A second Worker bound to the queue. For each batch it decodes OTLP/JSON, splits by signal type, and fans out:

  • Traces become thin rows in D1.spans — trace id, span id, parent, name, duration, plus a handful of indexed attributes (prompt.id, user, repo, model, tool, cost). Everything else is discarded.
  • Metrics become Workers Analytics Engine writes, pre-aggregated to 1-minute buckets keyed by (org, user, repo, model, tool, status).
  • Logs become event rows in D1.events. Bodies are not stored.

A dead-letter queue catches malformed payloads after three retries.

cron rollup worker

Every 15 minutes a Cron Worker runs WAE SQL queries against today + yesterday UTC and upserts the result into D1.rollups_daily. The dashboard reads from this table — never from WAE directly — so panel queries stay sub-100ms.

dashboard worker

app.metric-ai.nativekloud.com serves a React SPA from a Wrangler [assets] binding plus an /api/* Hono router.

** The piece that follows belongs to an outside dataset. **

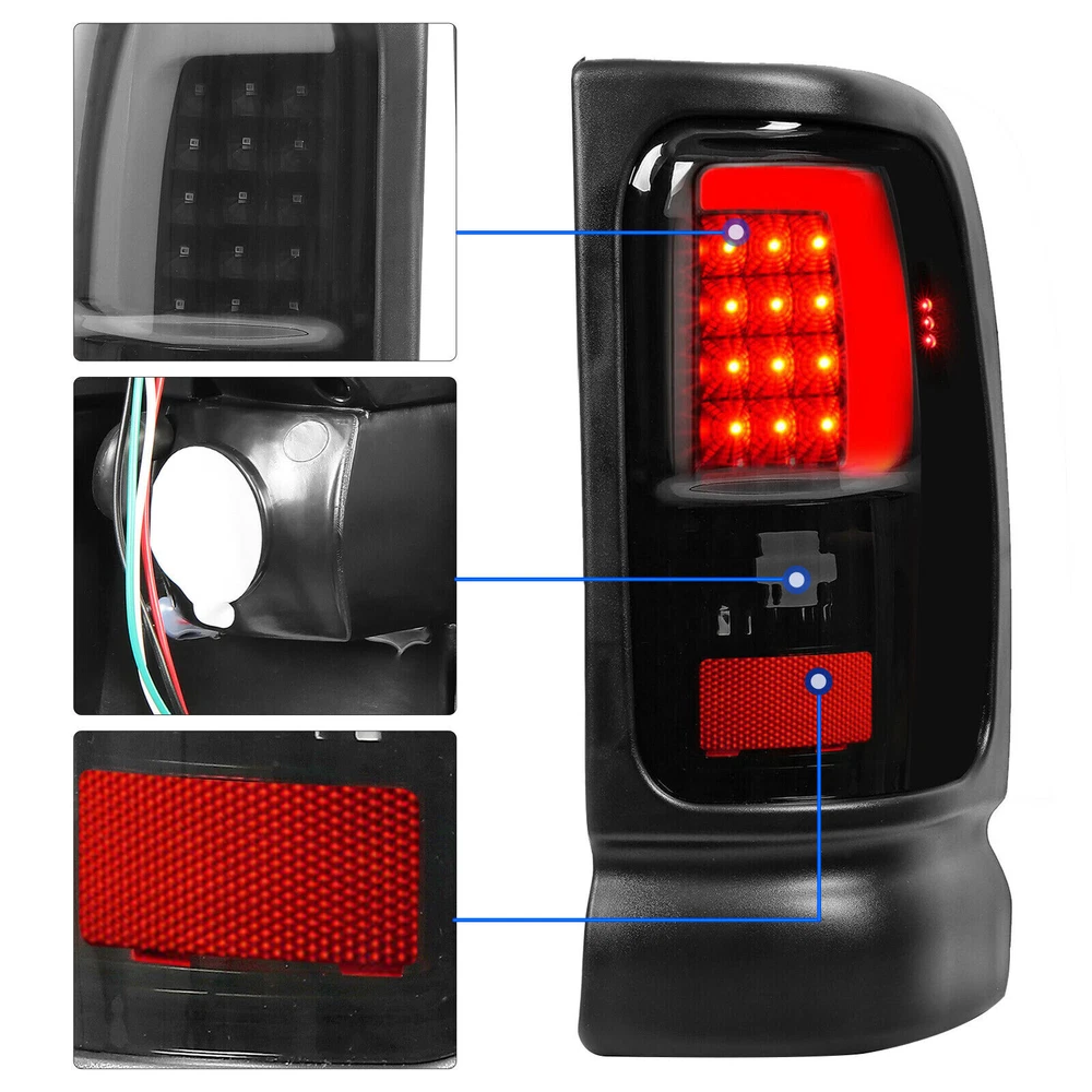 Smoke Lens LED Tail Lights Brake Lamp DOT For 1994-2001 Dodge Ram 1500 2500 3500

Every API request validates a Cloudflare Access JWT against the pinned AUD via JWKS. No Gatehouse, no homegrown auth — Access does the heavy lifting and we just verify the signature.

resources

ResourceBindingPurpose
D1 metric-ai-dbDBspans, events, rollups, prompt_summary
KV TOKENSTOKENSSHA-256 token → org_id lookup
Queue metric-ai-otlp-ingestINGEST_QUEUEingest → consumer fan-out
Analytics Engine metric_ai_metricsWAE1-min pre-aggregated metrics
Static assetsASSETSdashboard SPA
Cron */15 * * * *rollups

why this shape

  • Pre-aggregate at ingest. A 12-hour session is ~50k spans; we collapse it to ~200 WAE rows. Storage cost stays linear in dev-count, not span-count.
  • D1 only for thin metadata. The subagent-tree viewer needs span lineage; we don’t need the full attribute bag.
  • Daily roll-ups for dashboard reads. Panel queries hit a small table, not a span firehose.
  • Cloudflare-only. No cross-cloud egress, no third-party SaaS. EU residency is a region flip, not a re-architecture.